女流建築家と家族のくらし
<< July 2020 | 1 2 3 4 5 6 7 8 9 10 11 12 13 14 15 16 17 18 19 20 21 22 23 24 25 26 27 28 29 30 31 >>
畑の家での授業

 

 

福山市立大学の設計製図1の授業の一環として、オープンハウス中の最新作「畑の家」で見学解説をしました。今年の課題のテーマは最小限の家です。最小限をテーマにした「畑の家」を体感して、何がどのように最小限なのかを模索しつつ見学しました。
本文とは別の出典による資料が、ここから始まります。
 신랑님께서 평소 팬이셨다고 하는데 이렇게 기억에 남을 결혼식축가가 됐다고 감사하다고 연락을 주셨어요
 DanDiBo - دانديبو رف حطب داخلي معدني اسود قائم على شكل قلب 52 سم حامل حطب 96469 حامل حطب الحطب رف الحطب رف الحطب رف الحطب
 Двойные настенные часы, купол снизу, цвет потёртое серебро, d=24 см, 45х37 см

建築の本格的な演習を始めたばかりの若者達ですが、哲学的な課題に取り組む姿勢が清々しいです。

「畑の家」オープンハウスのお知らせ

この度、当事務所の設計による住宅が竣工しました。
施主様のご厚意により見学会を開催いたしますのでご案内申し上げます。
お忙しいところ恐縮ですが、ぜひともご覧いただきたいと思います。

 

 

 

ゆったりとした敷地にこぢんまりと建つ住宅には、
隣接する畑で農作業をされるご両親との時間を持つ
屋外の居場所「畑の間」があります。
室内はオーバーハングする家具のようなロフトを持
つ1LDKで。住み手にとって必要な機能だけを備えた最小限の住宅です。

駐車場の番号は当日お伝えします。
現地では注意事項を守ってご覧ください。

 

日時:2020年7月4日(土)5日(日)

   10:00〜18:00

場所:福山市大門町三丁目36-3

当日連絡先 後藤亜貴建築設計事務所

   tel.090-2298-7235

 

リモートワーク

現在、住宅のプロジェクトが工事の大詰めを迎えています。

社会情勢に合わせてリモートでの現場監理をしています。

現場の皆様の健康と安全に気をつけて、体温測定や昼食の取り方など具体的に指示を出しています。
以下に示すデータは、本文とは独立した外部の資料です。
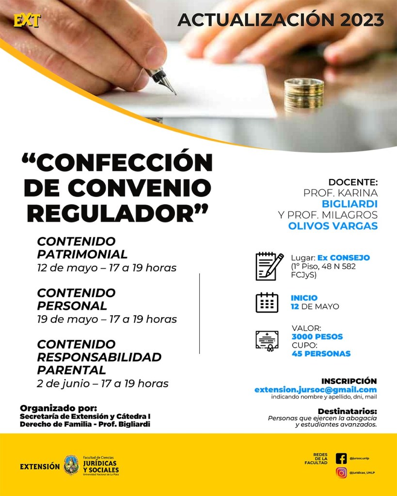 La Secretaria de Extensión Universitaria invita a participar del “CURSO CONFECCIÓN DE CONVENIO REGULADOR «, organizado por esta Secretaría y la Cátedra I Derecho de Familia – Prof. Bigliardi, el cual se dictará de manera presencial los días viernes 12, 19 de mayo y 2 de junio de 2023 de 17 a 20 hs.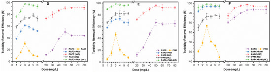In the PAFC case, the optimal settling period of CuO was found to be shorter than that of PAM alone. The ionization of PAFC released Fe(III) and Al(III) ions in the solution, leading to the formation of complexes with nano-CuO. Moreover, PAM contained the reactive groups in its polymer chains which provided the favorable adsorption sites for tiny flocs of CuO. Thus, the removal of nano-CuO by PAM mainly occurs via the adsorption bridging mechanism [34]. These observations are consistent with the literature [35], which reported similar turbidity removal rates of the kaolinite−humic acid solution using PAFC and PAM−PAFC. In the PAFC/PAM case, stable nano-CuO (10 mg/L) and turbidity removal rates of up to 97.85% and 96.45%, respectively, were observed after 15 min as shown in Figure 3C,F. The enhanced removal efficiency may be related to the bridging effect of PAFC/PAM, which forms dense and stable flocs that rapidly settle down. In contrast, the flocs formed by PAFC and PAM alone were small and had longer settling times. Thus, the combination of organic and inorganic flocculants, i.e., PAFC/PAM can significantly decrease the treatment cost by reducing the settling time.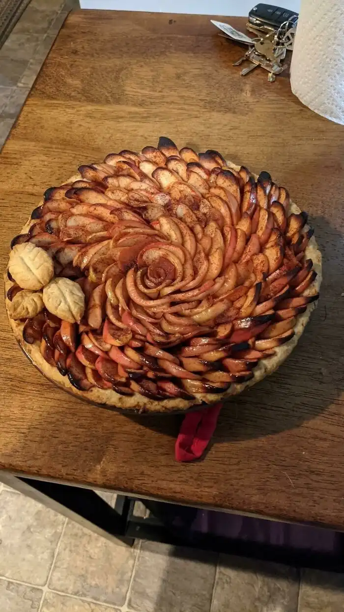 9. "Мой жених приготовил этот невероятный яблочный пирог в виде розы. Он такой же вкусный, каким кажется, и я просто должна была его показать"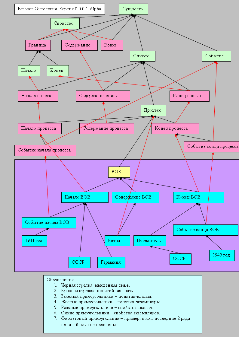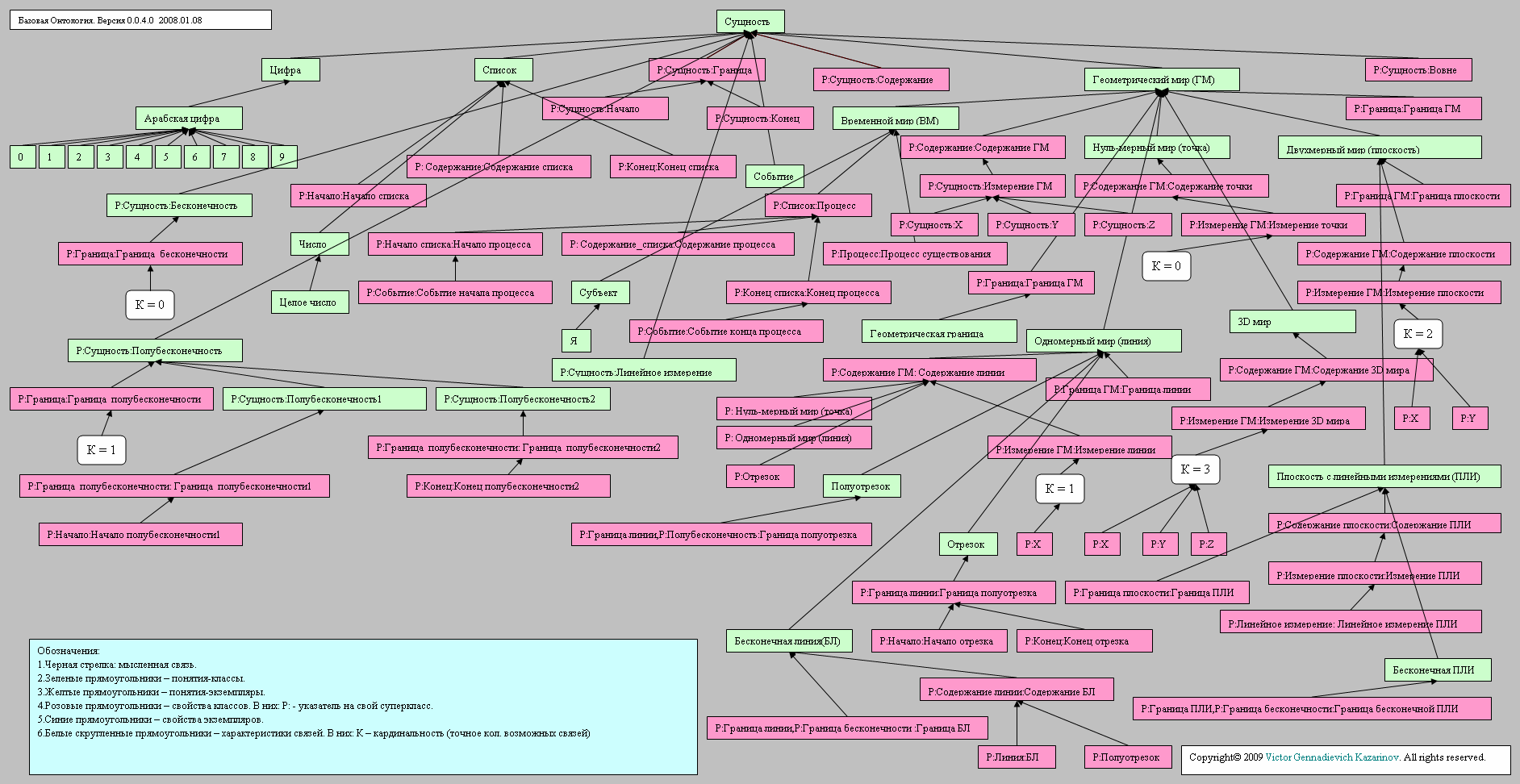 Базовой моя онтология называется потому, что это лишь верхняя, самая абстрактная часть модели мира. Все остальное можно строить на ее основе. Но здесь я описал лишь ее часть. И то там могут быть некот. ошибки.

進行状況は毎日写真で送ってもらい、どうしても立ち会いが必要な場合だけ現場に行くことにしています。

 

思えば昨年の今ごろはライステラスの家の引き渡し直前で、ドタバタしていたことを遠い昔のことの様に感じたりします。

毎日朝から晩まで立ち会い、具体的に指示を出していました。大変難易度の高い現場でしたのでそれも止むなしでしたが、今年だったら無理だったと思います。

 

当時から続けていることは、施工図の24時間以内のチェックバックです。

これは設計を続ける限り守りたいと思っています。現場の皆様へのリスペクトと自分の描いた意匠図の責任です。

 

ただ、毎週行っていた工程会議は形を変えることにしました。

月間工程の更新と決定事項の確認は毎週行いますが、顔を合わせての会議はやめました。

 

それで気づいたことがいくつかあります。

会議だと、その場の発言力の大きい人の意見に左右されることがありますが、メール、LINE、電話でのリモートワークだとその様なことがなくなり、それぞれの立場の人が冷静に思考して発言できるというメリットがあると感じました。

 

建築現場では、やはり現物を見て立ち会って確認ということが必須だと思ってきましたが、できるだけ立ち会わずにことを進めるにはどうしたらいいかを考えることで、図面や連絡の精度に皆が気をつける様になったのです。人と物をできるだけ動かさずに状況を把握して適切な判断を下すためのスキルが向上していると感じています。

 

困難な状況がまだしばらく続きますが、総力をあげて対応していくことで得るものもまた大きいと感じています。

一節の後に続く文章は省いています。